Step 1: Calculate the 90th Percentile of Charges
Create a DAX measure to find the 90th percentile:
Charge_90thPercentile =
PERCENTILEX.INC(ALL(Insurance), Insurance[charges], 0.9)
This gives you the threshold value above which a patient is in the top 10% by cost.
🔧 Step 2: Identify Top 10% Patients
Create a calculated column to flag top 10% patients:
Top10Flag =
VAR TopThreshold =
PERCENTILEX.INC(ALL(Insurance), Insurance[charges], 0.9)
RETURN IF(Insurance[charges] >= TopThreshold, "Top 10%", "Others")
📊 Step 3: Create Comparison Visuals
Now analyze what makes them different:
🧩 1. Stacked Column Chart
- Axis:
Top10Flag - Legend:
smoker,sex, orregion - Values: Count of Patients
📈 2. Bar Chart for Average Age/BMI
- Axis:
Top10Flag - Value: Average of
age,bmi,children
🧾 3. Matrix Table
- Rows:
Top10Flag - Columns: Traits like
smoker,bmi category,region - Values: Average of
charges, Count of patients
📌 Interpretation You Can Give
Once the visuals are up, look for trends like:
- Most top 10% patients are smokers
- They often have BMI > 30 (Obese)
- Tend to be older
- May have more children or from a certain region
✅ Sample Summary You Might Report
The top 10% costliest patients typically exhibit traits such as high BMI (Obese), smoking status = yes, and age above 45. These individuals significantly skew overall insurance costs and represent a key group for risk-based pricing or wellness program targeting.
Q 3.5 : Which regions have the highest density of high-cost patients?
🔧 1. Calculate the 90th Percentile of Charges
Charge_90thPercentile =
PERCENTILEX.INC(ALL(Insurance), Insurance[charges], 0.9)
🔧 2. Create a Column to Flag High-Cost Patients
Is_High_Cost =
VAR threshold =
PERCENTILEX.INC(ALL(Insurance), Insurance[charges], 0.9)

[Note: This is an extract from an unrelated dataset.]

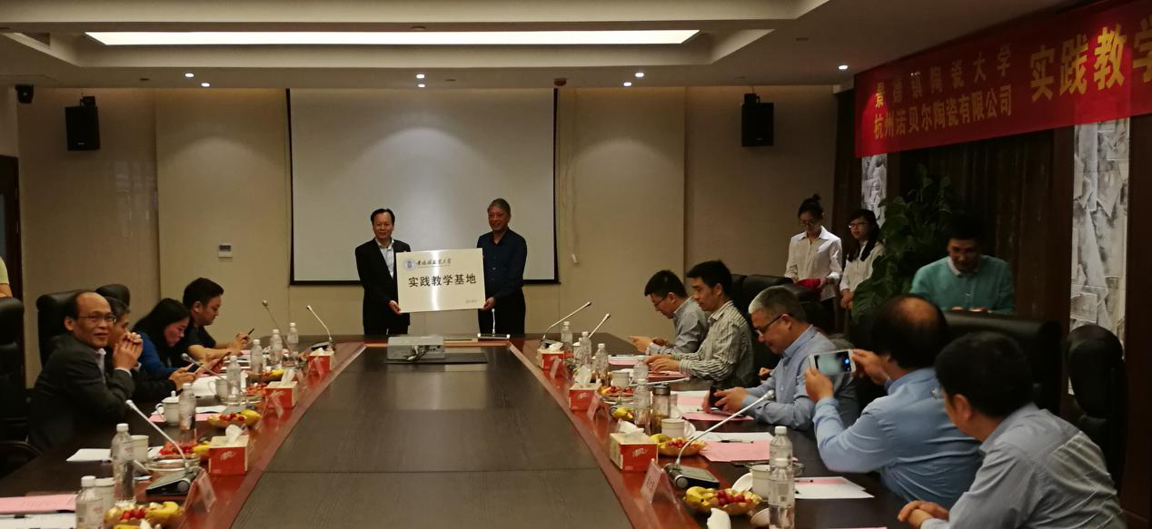 本网讯(教务处 舒凯征)近日,党委副书记胡林荣、副校长冯浩一行前往杭州诺贝尔陶瓷有限公司,就陶瓷产业卓越人才培养联盟工作开展座谈研讨,并出席“景德镇陶瓷大学——杭州诺贝尔陶瓷有限公司实践教学基地签约揭牌仪式”。

RETURN IF(Insurance[charges] >= threshold, 1, 0)
🔧 3. Calculate Density per Region
Now create a DAX measure to compute % of high-cost patients per region:
HighCostDensity =
DIVIDE(
CALCULATE(COUNTROWS(Insurance), Insurance[Is_High_Cost] = 1),
COUNTROWS(Insurance)
)
➡️ Make sure this measure is evaluated in the context of each region (i.e., use it in a visual with region on axis).
📊 4. Suggested Visualizations
Visual Description
Bar Chart Axis: region
Value: HighCostDensity → Shows % of high-cost patients per region
Map (Filled or Bubble) Show relative density of high-cost patients geographically
Stacked Column Chart Axis: region
Legend: Is_High_Cost
Value: Count of Patients – Shows counts per region
📌 Interpretation
A region with a higher percentage of high-cost patients (e.g., 25% in Southwest vs 10% in Northeast) might be dealing with riskier profiles — higher BMI, smoking, older demographics.